Pubblichiamo l’intervento di un lettore “particolare” a commento del pezzo di Annalisa Picardi su Videocracy: Luca Franco. Studioso di cinema documentario, ha fondato e diretto il Roma Doc Fest. Attualmente lavora come consulente a Blu notte e Doc3. Ha collaborato al film Videocracy.
Certo il moralismo è difficile da combattere! Come si può raccontare la Videocrazia senza i suoi protagonisti? Bisognava fare la solita predica antiberlusconiana, il solito reportage che si mette la coscienza a posto per aver denunciato un fenomeno? Invece Gandini ha scelto di andare a vedere da vicino i protagonisti (anche quelli anonimi, che sono la cartina di tornasole del vuoto che crea la videocraziia e la società dello spettacolo al di là della sua immagine), ha intessuto dei rapporti con loro come dovrebbero fare tutti i documentaristi. Non va a cercare lo scoop o una notizia-bomba, ma va a filmare una relazione, racconta qualcosa cercando di trasmettere delle emozioni. Nella foga tutta italiana di enunciare le regolette per il paradiso, di separare il Bene dal Male non ci si accorge neanche come questo documentario rovesci i valori “videocratici”. Le veline e i loro corpi creano angoscia, la musica, il montaggio e le immagini sono al servizio di un ribaltamento completo delle emozioni. Alla fine tutti quei corpi mezzi nudi che si muovono ammiccanti significano soltanto il vuoto, l’alienazione totale tra l’immagine e ciò che l’immagine vorrebbe rappresentare: la giovinezza, la gioia di vivere e il piacere.

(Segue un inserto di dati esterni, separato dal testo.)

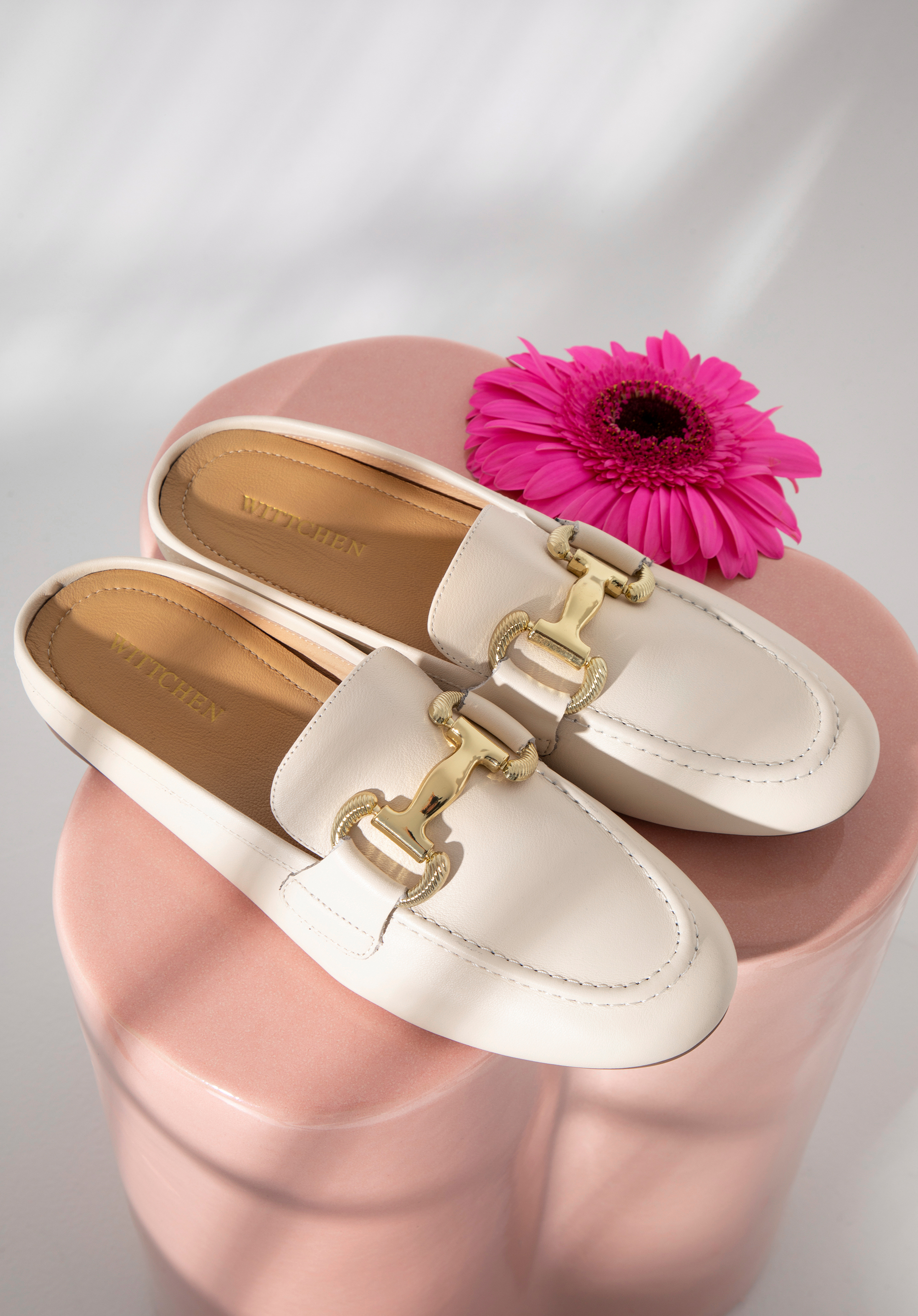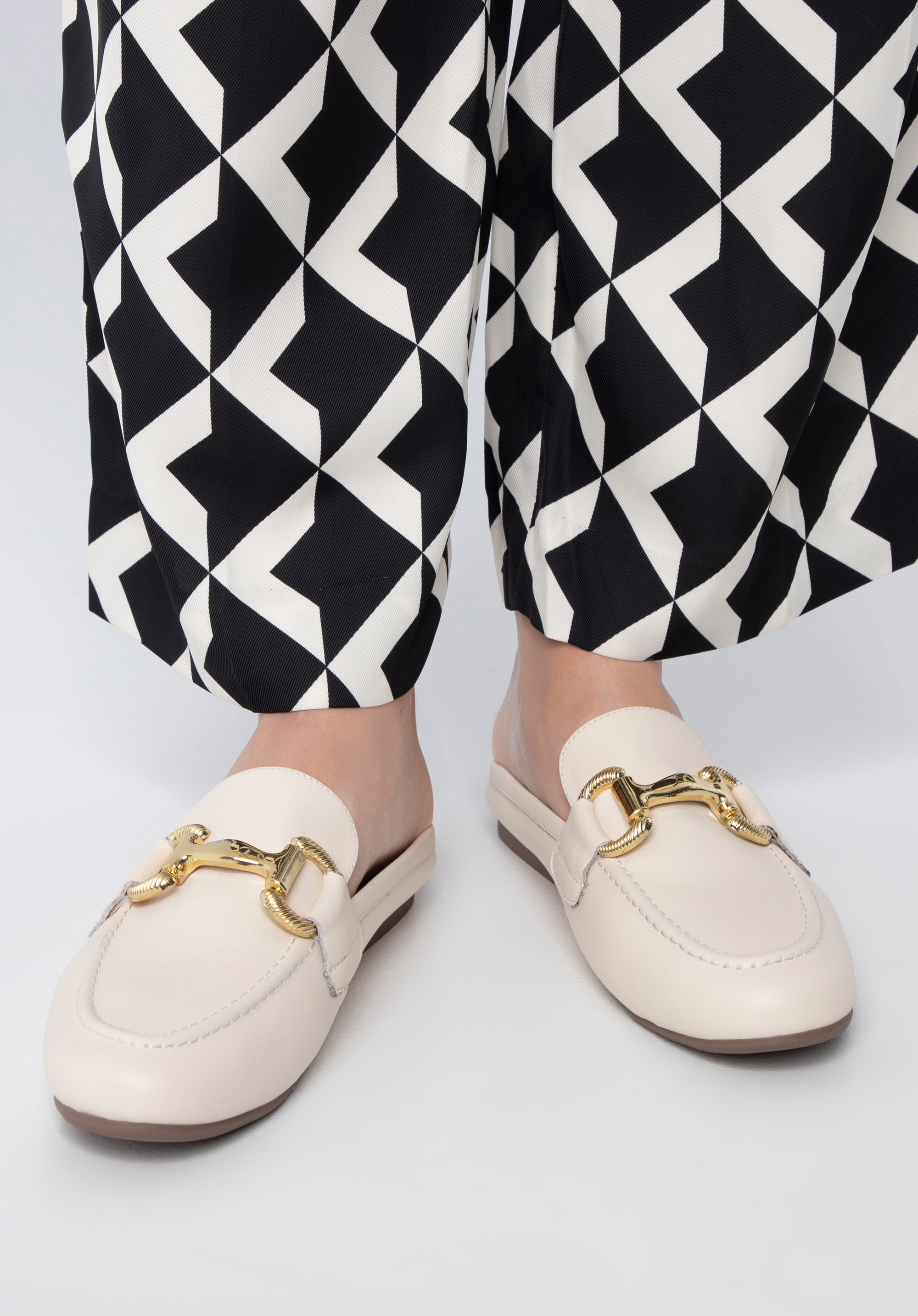 In diesen stilvollen Pantoletten werden Sie jeden Tag etwas Besonderes aussehen. Dieser elegante Gebiss-Slipper aus hochwertigem Naturleder verfügt über ein goldfarbenes Metallband (in Form eines Pferdegebisses) über dem Spann. Eine schmeichelnde runde Spitze verlängert Ihren Fuß und dank der Innensohle aus natürlichem Ziegenleder können Sie diese Pantoletten oft tragen. Damen -Slipper-Sandalen aus Leder zeichnen sich durch ein einzigartiges Design aus, das ein echter Hingucker ist. Kombinieren Sie diese Schuhe mit weiten Jeans oder einem Minikleid für zusätzlichen Reiz. In Kombination mit einem Paar dieser Slipper lässt sich ein raffinierter, eleganter Stil in jedes Outfit integrieren.

Ci sono due scene-chiave secondo me da tenere presente quando si giudica questo film. La prima è la scena in macchina con Corona che con un certo fastidio apostrofa Gandini con un “Mi hai fatto pensare…”, come se quel barlume, quella scintilla di consapevolezza, fosse la cosa più pericolosa al mondo appunto perché non spettacolarizzabile, non ribaltabile. Scena che è comunque indicativa del valore di Gandini come documentarista: non era facile stabilire un rapporto con Corona e regalarci momenti di consapevolezza e di verità da un tipo come lui. Certo, è molto più facile giudicare e giudicare pericolosa la stessa immagine di Corona che conta i soldi invece che essere curiosi e andare a conoscere il proprio soggetto. Molto più semplice identificarlo con il Male che cercare di capire il meccanismo che c‘è dietro.
L’altra scena ci mostra lo spettacolo a luci spente, il pubblico che se ne va dallo studio di Mediaset e il ragazzo mezzo Van Damme e mezzo Ricky Memphis che guarda triste nel vuoto, forse anche lui consapevole in quel momento dello squallore dello spettacolo quando rimane senza luci, senza pubblico, quando svela il nulla che si nasconde dietro il trucco e la cartapesta… Come dire che i sogni muoiono all’alba. Molto più facile giudicare che conoscere. Per fortuna Erik Gandini non ha fatto il solito reportage anti-berlusconiano, non si è mischiato al coro di chi vuol mettersi l’anima in pace ma è entrato in una realtà e con molta fatica e molta bravura ce ne ha regalato alcune piccole verità…
mezzo Van Damme e mezzo Ricky Memphis?
Ho scritto mezzo Van Damme e mezzo Ricky Memphis perché il ragazzo che vuole diventare famoso (mi sembra si chiami Riccardo) imita Van damme – facendo kick boxing – e Ricky Memphis – cantando come lui- e sostiene che il suo punto di forza sia proprio questo “eclettismo spettacolare”.